WORK REQUIRED: No pictures, please. Copy exactly the lines from the one with "For PVR Cartridge" through the final line below.

DATA EXCERPT:
——
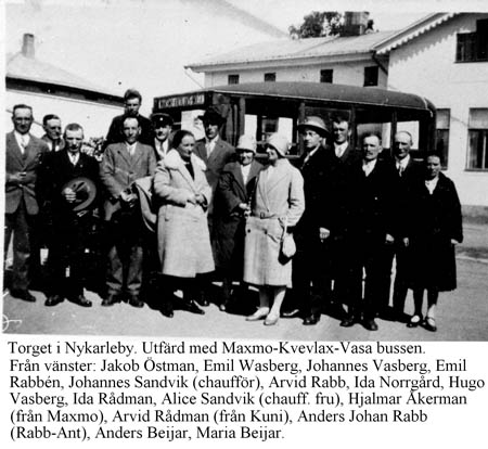 Torget i Nykarleby. Från vänster: Jakob Östman, Emil Vasberg, Johannes Vasberg, Emil Rabbén, Johannes Sandvik chaufför, Arvid Rabb, Irene Ahlskog, Hugo Vasberg, Ida Rådman, Alice Sandvik, chaufförens fru, Hjalmar Åkerman från Maxmo, Arvid Rådman från Kuni, Anders Johan Rabb (Rabb-Ant), Anders Beijar, Maria Beijar. Utfärd med Maxmo-Kvevlax-Vasa bussen.
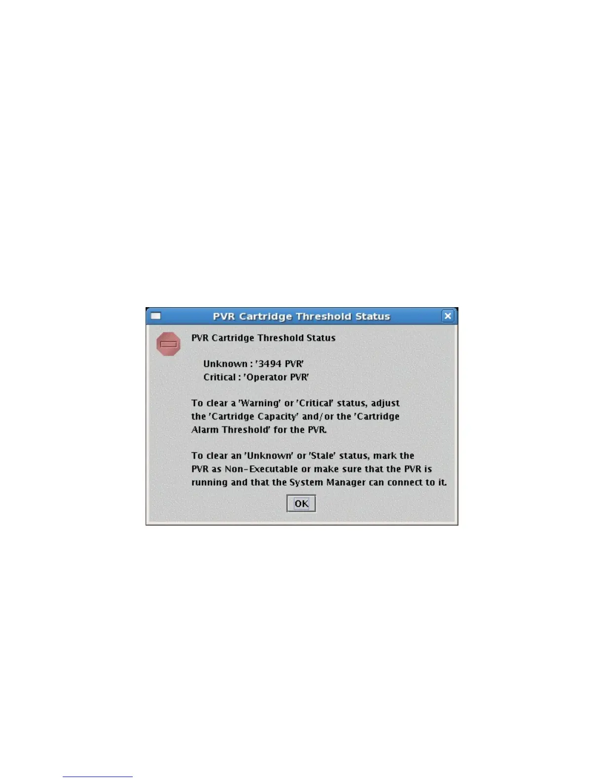 For PVR Cartridge Thresholds the button will display a message dialog with information about the PVRs
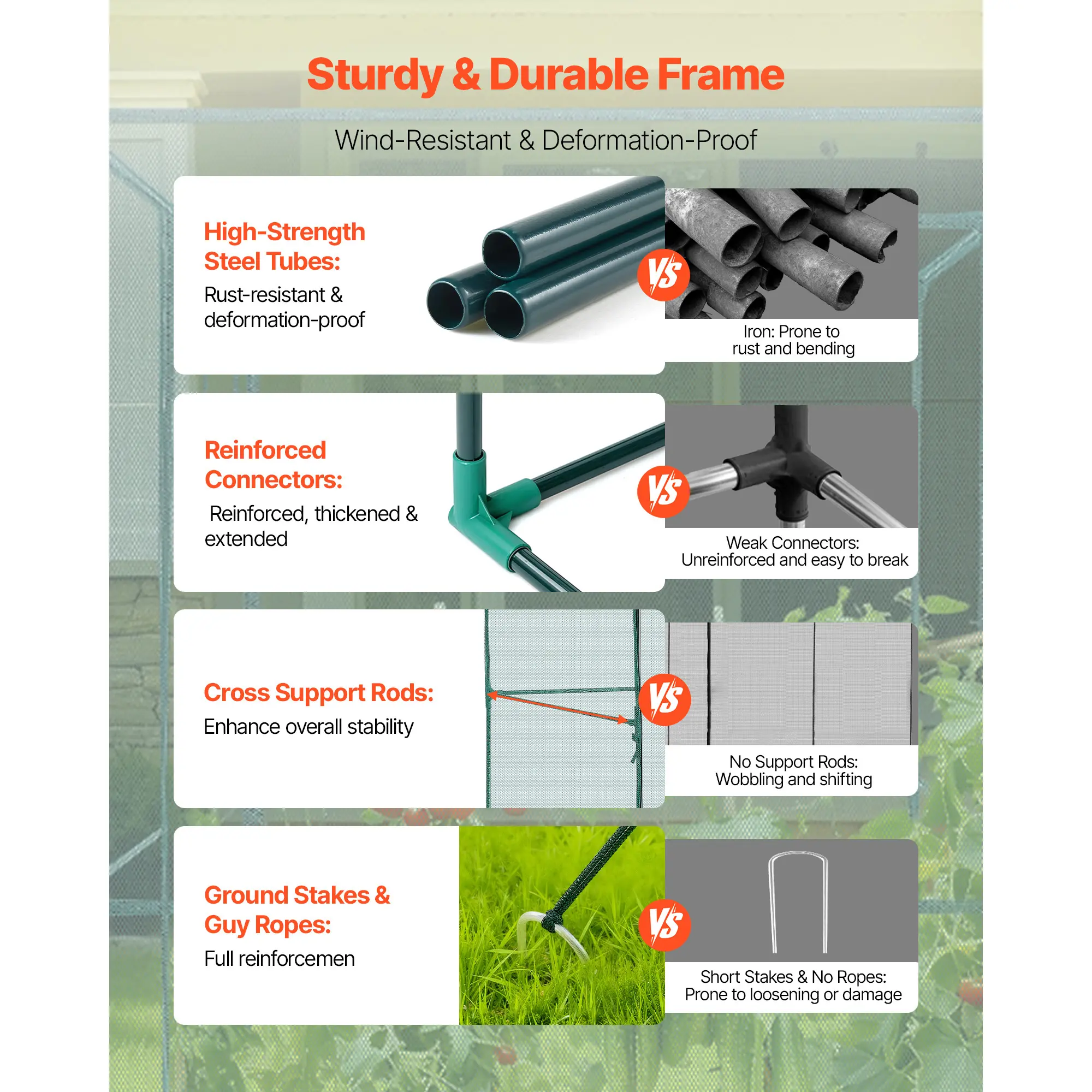 • Stable & Wind-Resistant: Made of powder-coated steel tubes, our plant protection tent is rust- and corrosion-resistant. Reinforced plastic joints and side support rods add stability, while U-shaped ground stakes and guy ropes provide wind resistance
——
WRITTEN SOLUTION:
 For PVR Cartridge Thresholds the button will display a message dialog with information about the PVRs
 • Stable & Wind-Resistant: Made of powder-coated steel tubes, our plant protection tent is rust- and corrosion-resistant. Reinforced plastic joints and side support rods add stability, while U-shaped ground stakes and guy ropes provide wind resistance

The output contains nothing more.